R. Netravali, A. Sivaraman, J. Mickens, and H. Balakrishnan, “WatchTower: Fast, Secure Mobile Page Loads Using Remote Dependency Resolution,” in MobiSys, 2019. PaperAbstract
Remote dependency resolution (RDR) is a proxy-driven scheme for reducing mobile page load times; a proxy loads a requested page using a local browser, fetching the page’s resources over fast proxy-origin links instead of a client’s slow last-mile links. In this paper, we describe two fundamental challenges to efficient RDR proxying: the increasing popularity of encrypted HTTPS content, and the fact that, due to time-dependent network conditions and page properties, RDR proxying can actually increase load times. We solve these problems by introducing a new, secure proxying scheme for HTTPS traffic, and by implementing WatchTower, a selective proxying system that uses dynamic models of network conditions and page structures to only enable RDR when it is predicted to help. WatchTower loads pages 21.2%–41.3% faster than state-of-the-art proxies and server push systems, while preserving end-to-end HTTPS security.
F. Wang, R. Ko, and J. Mickens, “Riverbed: Enforcing User-defined Privacy Constraints in Distributed Web Services,” NSDI. 2019. PaperAbstract
Riverbed is a new framework for building privacy-respecting web services. Using a simple policy language, users define restrictions on how a remote service can process and store sensitive data. A transparent  Riverbed proxy sits between a user's front-end client (e.g., a web browser) and the back-end server code. The back-end code remotely attests to the proxy, demonstrating that the code respects user policies; in particular, the server code attests that it executes within a  Riverbed-compatible managed runtime that uses IFC to enforce user policies. If attestation succeeds, the proxy releases the user's data, tagging it with the user-defined policies. On the server-side, the  Riverbed runtime places all data with compatible policies into the same universe (i.e., the same isolated instance of the full web service). The universe mechanism allows  Riverbed to work with unmodified, legacy software; unlike prior IFC systems,  Riverbed does not require developers to reason about security lattices, or manually annotate code with labels.  Riverbed imposes only modest performance overheads, with worst-case slowdowns of 10% for several real applications.
J. Larisch, J. Mickens, and E. Kohler, “Alto: Lightweight VMs using Virtualization-aware Managed Runtimes,” in International Conference on Managed Languages & Runtimes (ManLang), Linz, Austria, 2018. PaperAbstract
Virtualization enables datacenter operators to safely run computations that belong to untrusted tenants. An ideal virtual machine has three properties: a small memory footprint; strong isolation from other VMs and the host OS; and the ability to maintain in-memory state across client requests. Unfortunately, modern virtualization technologies cannot provide all three properties at once. In this paper, we explain why, and propose a new virtualization approach, called Alto, that virtualizes at the layer of a managed runtime interface. Through careful design of (1) the application-facing managed interface and (2) the internal runtime architecture, Alto provides VMs that are small, secure, and stateful. Conveniently, Alto also simplifies VM operations like suspension, migration, and resumption. We provide several details about the proposed design, and discuss the remaining challenges that must be solved to fully realize the Alto vision.
R. Ko and J. Mickens, “DeadBolt: Securing IoT Deployments,” in Applied Networking Research Workshop, Montreal, Quebec, Canada, 2018. PaperAbstract

In an IoT deployment, network access policies are a critical determinant of security. Devices that run unpatched or insecure code should not be allowed to communicate with the outside world; furthermore, unknown external hosts should not be able to contact sensitive devices that reside within an IoT deployment.

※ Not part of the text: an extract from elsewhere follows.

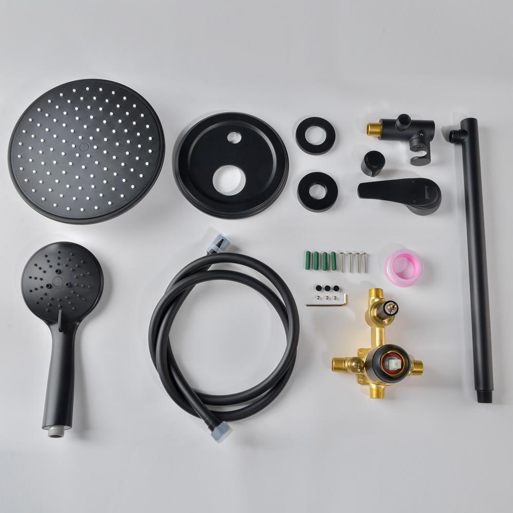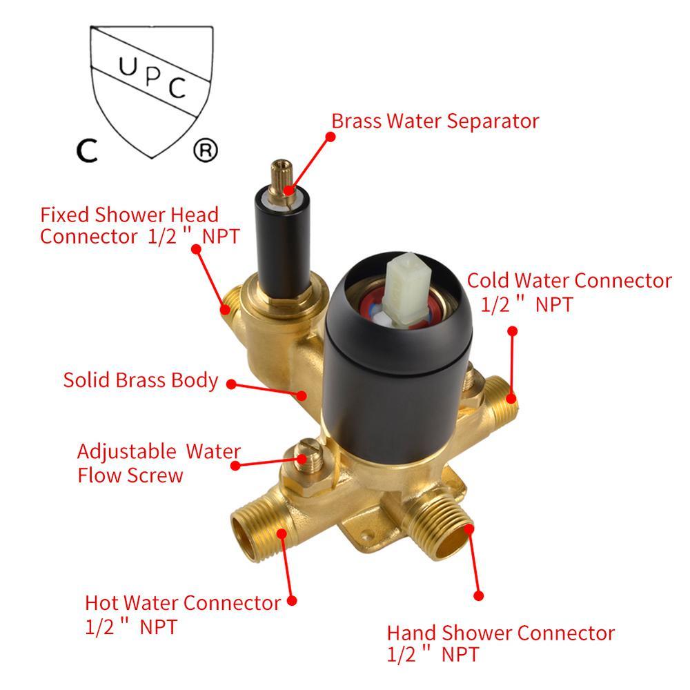 • Ceramic disc cartridge smooth, long-lasting drip-free operation cUPC ceramic disc cartridge, single lever design for effortless flow and temperature control, come with solid brass shower valve, rainfall shower head, 5-funtion hand shower, 15.7 in. extra-long shower arm, shower holder and other installation necessary parts

In this paper, we introduce DeadBolt, a new security framework for managing IoT network access. DeadBolt hides all of the devices in an IoT deployment behind an access point that implements deny-by-default policies for both incoming and outgoing traffic. The DeadBolt AP also forces high-end IoT devices to use remote attestation to gain network access; attestation allows the devices to prove that they run up-to-date, trusted software. For lightweight IoT devices which lack the ability to attest, the DeadBolt AP uses virtual drivers (essentially, security-focused virtual network functions) to protect lightweight device traffic. For example, a virtual driver might provide network intrusion detection, or encrypt device traffic that is natively cleartext. Using these techniques, and several others, DeadBolt can prevent realistic attacks while imposing only modest performance costs.

R. Netravali and J. Mickens, “Remote-Control Caching: Proxy-based URL Rewriting to Decrease Mobile Browsing Bandwidth,” in HotMobile, Tempe, Arizona, 2018. PaperAbstract

Mobile browsers suffer from unnecessary cache misses. The same binary object is often named by multiple URLs which correspond to different cache keys. Furthermore, servers frequently mark objects as uncacheable, even though the objects' content is stable over time.

In this paper, we quantify the excess network traffic that mobile devices generate due to inefficient caching logic. We demonstrate that mobile page loads suffer from more redundant transfers than reported by prior studies which focused on desktop page loads. We then propose a new scheme, called Remote-Control Caching (RC2), in which web proxies (owned by mobile carriers or device manufacturers) track the aliasing relationships between the objects that a client has fetched, and the URLs that were used to fetch those objects. Leveraging knowledge of those aliases, a proxy dynamically rewrites the URLs inside of pages, allowing the client's local browser cache to satisfy a larger fraction of requests. Using a concrete implementation of RC2, we show that, for two loads of a page separated by 8 hours, RC2 reduces bandwidth consumption by a median of 52%. As a result, mobile browsers can save a median of 469 KB per warm-cache page load.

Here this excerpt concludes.